Costco Has Quietly Been Testing a New Store Concept for 23 Years

NEW YORK (TheStreet) -- For over 20 years, warehouse club juggernaut Costco Wholesale Corp.  (COST) has quietly been dabbling in a new market: selling supplies specifically tailored to small businesses.

Now, Costco could be looking to move more aggressively with a store format in a bid to head off competition from Wal-Mart's (WMT) small-business friendly brand, Sam's Club, as well as a potentially stronger rival if a merger between Staples and Office Depot wins approval.  

Costco opened its first Business Center in Hayward, Calif., way back in 1992, and over the next 10 years only opened three more of them. But since 2009, five more have opened, with another store scheduled to open this fall in Denver. The centers offer products and services for local convenience stores, restaurants, professional offices and other small businesses. 

According to Costco's CFO Richard Galanti in December, the company is in a "10-year plus" test of the Business Center concept. It actually sounds more like a 20-year plus odyssey, but one that's starting to accelerate.

Costco could not be reached for comment regarding its plans for the Business Center store concept. The company only mentions the business once in its most recent annual report, specifying the exec who leads the operation -- Timothy Rose, who joined Costco in 1995.

Some of the ways the Business Centers appeal more directly to small businesses include earlier store hours, next-day delivery and copying and printing services.
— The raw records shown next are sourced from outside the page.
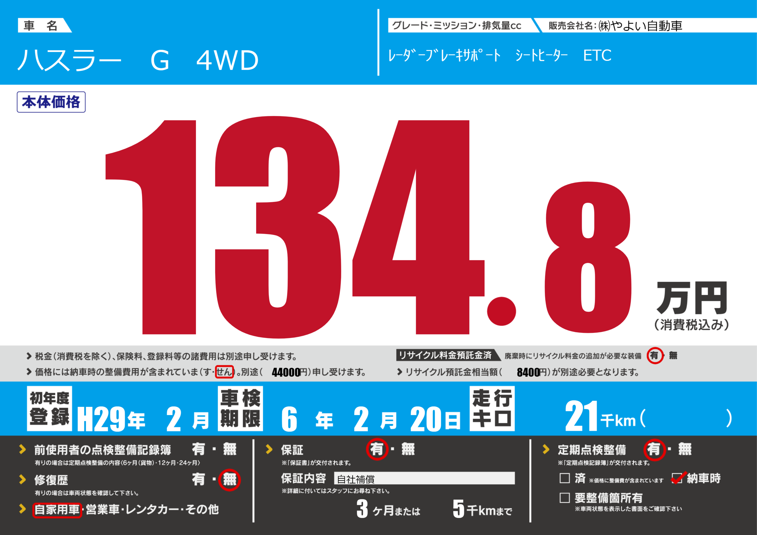 保証付き 保証内容(自社補償) 3ヶ月または(5)千kmまで |
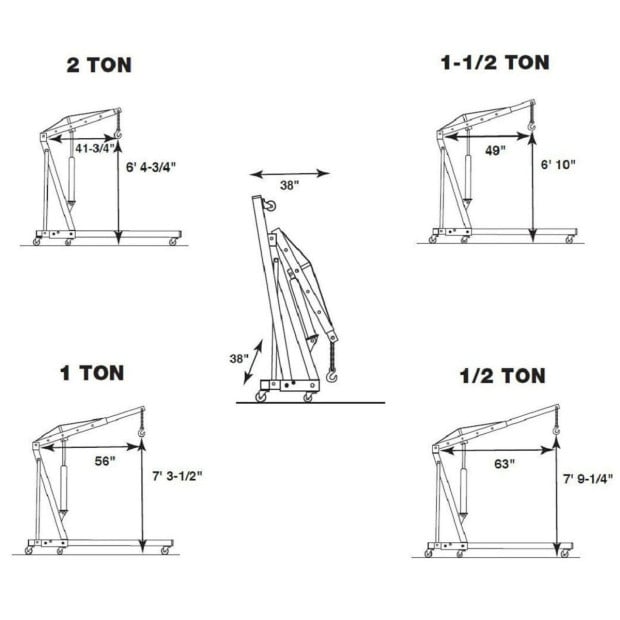 The 2 Ton folding engine crane has a lifting capacity of 2000 KG. This engine hoist features a drop-forged steel hook that swivels 360 degrees for ease of use and safety during operations. It comprises heavy gauge structural steel and low-profile 4.7-inch legs designed to fit under a wide range of vehicles. Its space-saving design folds to store away in a small footprint conveniently.
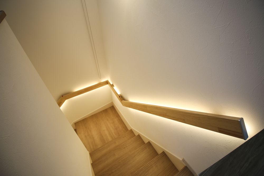 徳島 注文住宅 設計- MINIMARU DESIGN on Instagram: “安全性とデザイン性を兼ね備えた光る手すり。 階段の足元を優しい灯りでサポートします。ミニマルデザイン設計事務所徳島シュッとした家つくらん?階段階段照明階段手すり手すり手摺灯りのある。
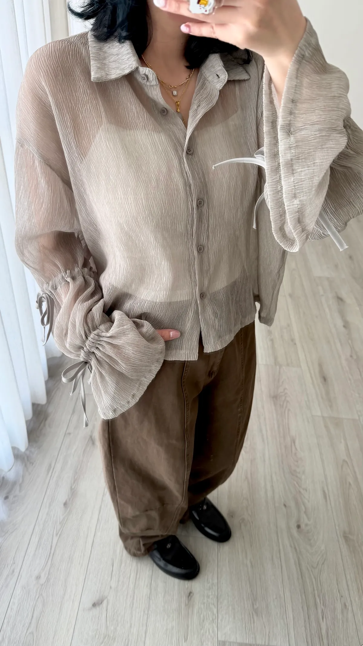 手袖蝴蝶結襯衫
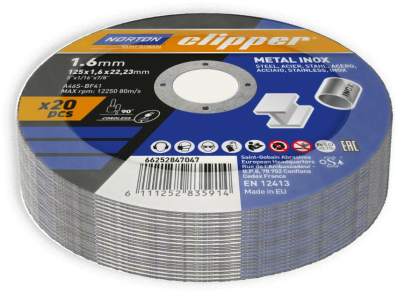 Egyenes vágókorong hosszabb élettartamot, tartósságot és nagy anyagleválasztást biztosít fém és fém-inox alkalmazásoknál. Vas-, kén- és klormentes, megszünteti a szennyeződést vágáskor. Ideális fémlemezek és csapok vágásához. A korong akkus gépekhez készült, és úgy fejlesztették ki, hogy használat közben minimális ellenállást biztosítsanak. A kerék szabad v
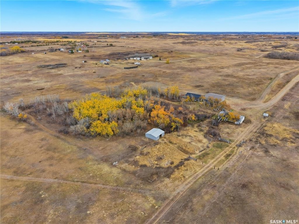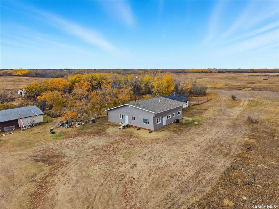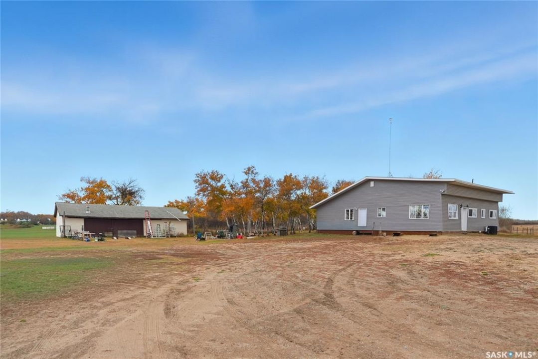 Acreage living just 15 minutes from Betts Ave Walmart! Set on nearly 40 acres, this property offers the best of both worlds, country space and city convenience. The five-bedroom, two-bathroom bungalow features several major upgrades, including a new furnace, water heater, washer and dryer, 200-amp electrical panel, and a septic pump installed just two years ago. Central air was also added two years ago, and the home has updated windows and new carpet throughout. The front 10 acres are currently used for haying, while the back 30 acres are ideal for livestock or hobby farming. There are two paddocks and a new barn that's nearly complete, with materials on-site for the new owners to finish. School bus service is available to Delisle, Vanscoy, and Saskatoon making this a great option for families seeking rural living within easy reach of city amenities.

And for fresh food, the Business Center sells much larger portion sizes than you'd see at a regular Costco.

Once the Denver store opens, Costco will have 11 Business Centers in operation across the country, mostly on the West Coast.  Four of the stores are located in California and two more are in Costco's backyard of Washington, which allows the retailer to more easily test products and tweak operations before a possible nationwide expansion. 
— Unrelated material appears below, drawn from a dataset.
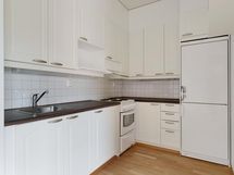 Jääkaappipakastin, sähköliesi, liesituuletin, kaapistot, kiinteät valaisimet.
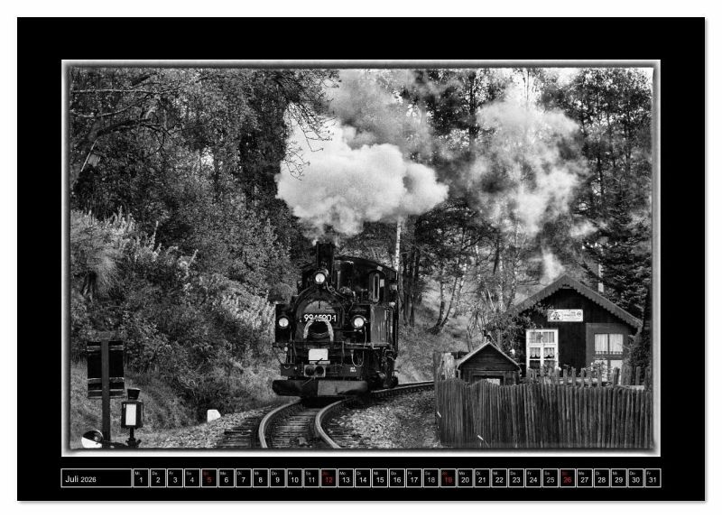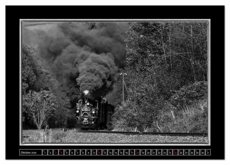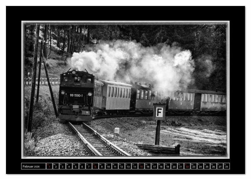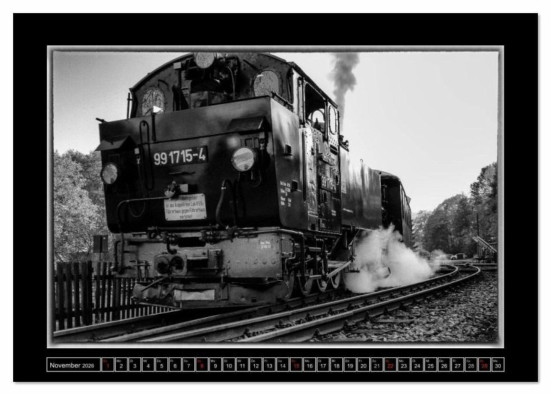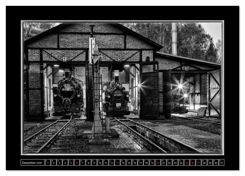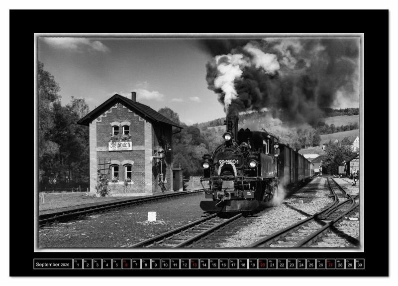 Dampferlebnis in Sachsen. Zwischen Steinbach und Jöhstadt rattern und schnaufen die historischen Dampflokomotiven durch das wild-romantische Erzgebirge. In edlen Schwarz-Weiß begleitet Sie dieser Kalender durchs Jahr. Ein ideales Geschenk für jeden Eisenbahnfreund.

Costco, which is known for moving methodically with new ideas, may have several reasons for picking up the pace of its Business Center openings.

First, it gives Costco another avenue for sales growth, and a store concept that directly addresses some recent moves by Sam's Club's to become friendlier to small businesses. In addition to offering more exclusive deals and better online shopping capabilities, Sam's Club sells small business services such as healthcare plans via a partnership with Aetna (AET), discounted legal services from LegalZoom, payroll services, merchant payment processing, and travel booking via third party providers. Costco needs to keep pace. 

Second, should the merger between Staples (SPLS) and Office Depot (ODP) win regulatory approval, it's likely to hurt any company trying to hawk office supplies since the tie-up will likely mean the combined company can offer lower prices. Costco would therefore want to open its Business Centers prior to a Staples and Office Depot merger, in order to get some "mindshare" with consumers and perhaps securing valuable locations before the merged company does.

This article is commentary by an independent contributor. At the time of publication, the author held no positions in the stocks mentioned.